The trip itself was filled with innumerable lessons and awe-inspiring moments. Aside from the intense and deeply personal spiritual realizations during the trip, some of my favorite moments were: at the Ka’abah seeing birds circling above in the same formation as millions of people performed Tawaf (NatGeo worthy), seeing someone listening to the recitation of the Qur’an on their Beats By Dre headphones in a mosque in Medina, and seeing an older gentleman reading a tattered Qur’an commiserating with a younger pilgrim who was scrolling through the same verses on his iPad –diversity on all fronts.

My attempt to sum up the experience is to call it a lesson in religious practicality. At every juncture of the trip I was pushed further out of my comfort zone – be it through a change in city, people, or environment – all while trying to fulfill the primary requirement of Hajj – to maintain patience. This was as true and practical a test as I’ve encountered. It paralleled life. For me, the constant change led to a deeper understanding of my own beliefs. Simply put, I noticed that what I identified as familiar shifted. I experienced this sitting next to an Iraqi woman outside the mosque in Medina. Neither of us spoke each other’s languages. But she said to me, “Sunni or Shi’a?” I said, “Sunni.” She pointed to herself and said, “Shi’a,” then smiled with a minor head tilt (the one your aunt does when she has someone to introduce you to) and said “Here, same!” I could not have said it better myself. We were all there taking a hiatus from our daily lives for a simple purpose – to pray and reflect. It was irrelevant that we prayed and reflected in different ways; it was the fact that we were doing it with similar intentions that mattered. This deep commonality outweighed any surface differences. That was my Malcolm X moment.

Back in New York, I’ve applied this religious practicality by maintaining composure during rush hour on the subway, and opening up to Hipsters. Just kidding, still closed off to Hipsters. Although I love yoga. But I still smile! In truth, I feel liberated in the concrete jungle knowing that embracing and respecting diversity in beliefs and lifestyles is not in any way inconsistent with my own. In fact, that deep respect and embrace is an expression of it, at its core.

Sam: My Asian American Theological Crisis (“TC”)

SAM

My religious identity, much like my Asian one, is somewhat conflicted and very mixed. In the early ‘60s, my dad came to the US from Korea through a Christian adoption agency, to a Presbyterian minister and his wife in upstate New York. To say thatinternational adoption was rare in those days would be an understatement. Remarkably, he was found, malnourished and sickly, wandering the streets of Seoul, his life essentially saved by some American missionaries, who, when it comes down to it are also responsible for my existence.

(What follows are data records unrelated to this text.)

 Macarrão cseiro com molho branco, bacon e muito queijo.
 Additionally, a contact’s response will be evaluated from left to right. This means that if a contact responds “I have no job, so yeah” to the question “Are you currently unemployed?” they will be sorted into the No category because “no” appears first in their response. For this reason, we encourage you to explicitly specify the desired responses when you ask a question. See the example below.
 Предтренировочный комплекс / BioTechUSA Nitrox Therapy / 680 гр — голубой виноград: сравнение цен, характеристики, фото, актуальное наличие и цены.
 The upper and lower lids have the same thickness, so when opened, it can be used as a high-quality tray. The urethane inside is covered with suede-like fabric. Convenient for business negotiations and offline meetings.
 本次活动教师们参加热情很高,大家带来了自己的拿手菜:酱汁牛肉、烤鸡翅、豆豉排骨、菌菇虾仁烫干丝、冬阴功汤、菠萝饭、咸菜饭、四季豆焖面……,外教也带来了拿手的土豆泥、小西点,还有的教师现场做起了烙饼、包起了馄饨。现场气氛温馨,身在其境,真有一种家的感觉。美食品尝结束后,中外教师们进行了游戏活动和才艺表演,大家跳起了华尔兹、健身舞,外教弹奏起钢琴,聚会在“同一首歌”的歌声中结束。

They say I’m a hapa. I have little trouble (and some fun) convincing people that I’m Hawaiian, Mexican or even Armenian. Yet our family’s traditions are about as WASP-y as they come. Truthfully, I’ve always been confused about which box to check on forms. Am I Asian enough for it to count? What about my mom’s great grandfather who was off the boat from Greece? Or the American lineage that my dad was adopted into with long and deep roots? What about the whole 25% of me that’s unaccounted for altogether?

What has been more consistent to my sense of identity is my relationship with Christianity – well, kind of. I was raised in a loving, if conventional United Methodist Church. I was an acolyte (candle-lighter) for Sunday service. I learned to cook, working side by side with my dad in the church kitchen preparing community dinners. I tried to stay out of trouble on youth group trips and retreats. But, even as I voluntarily went through the confirmation process at 16, I felt a lack of authenticity and a sense of disconnect with the adult self that was already forming. And so, my interest and involvement waned.

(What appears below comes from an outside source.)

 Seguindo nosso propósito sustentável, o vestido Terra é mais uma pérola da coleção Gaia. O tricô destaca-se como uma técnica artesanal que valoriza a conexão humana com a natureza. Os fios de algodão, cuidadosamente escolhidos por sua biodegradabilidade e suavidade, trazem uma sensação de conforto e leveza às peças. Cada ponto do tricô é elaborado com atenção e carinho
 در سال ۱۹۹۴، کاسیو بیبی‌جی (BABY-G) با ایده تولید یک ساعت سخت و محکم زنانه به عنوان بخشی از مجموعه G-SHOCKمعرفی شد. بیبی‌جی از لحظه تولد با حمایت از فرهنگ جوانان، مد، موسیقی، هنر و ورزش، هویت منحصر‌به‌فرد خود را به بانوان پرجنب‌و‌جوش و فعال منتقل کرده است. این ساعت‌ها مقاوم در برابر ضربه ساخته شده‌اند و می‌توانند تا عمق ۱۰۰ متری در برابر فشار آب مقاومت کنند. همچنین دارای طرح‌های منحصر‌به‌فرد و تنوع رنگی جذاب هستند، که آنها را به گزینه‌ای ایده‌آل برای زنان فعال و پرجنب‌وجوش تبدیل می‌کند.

In college, fresh with political righteousness, I bonded with a fellow former upstate Methodist (and current Church of the Village member) – who at the time was exploring Quakerism – over what we termed our “TCs” or theological crises. Grateful for the warm community of our church upbringings, we were struggling to reconcile their rhetoric with our social, political and intellectual identities. We didn’t feel like the church represented us and refused to live as contradictions. We also felt increasingly alienated by the figurative hijacking of “Christianity” and “Evangelism” by the right wing conservative movement.

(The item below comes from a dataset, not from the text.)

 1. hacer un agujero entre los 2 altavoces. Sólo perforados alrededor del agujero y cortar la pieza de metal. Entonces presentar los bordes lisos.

And so, as a young adult living in the city that never sleeps, I found myself socially, politically and intellectually satisfied, but spiritually devoid. So I embarked on my very own “religious pilgrimage” – albeit less international than Hajj – church shopping in Manhattan. I attended mega-churches, rock-and-roll churches and stodgy Upper East Side churches. I even commenced what has become a long-term membership at the church of yoga. And then I found Church of the Village (COTV), and I was home. There it doesn’t matter if I’m a hapa, Mexican or Armenian. In fact, it doesn’t matter if I’m homeless or a doctor or a trapeze artist. No one questions my sexual or political orientation. There are no feelings of hypocrisy, walking in to worship after an amazing yoga practice or groggy after a Saturday night out.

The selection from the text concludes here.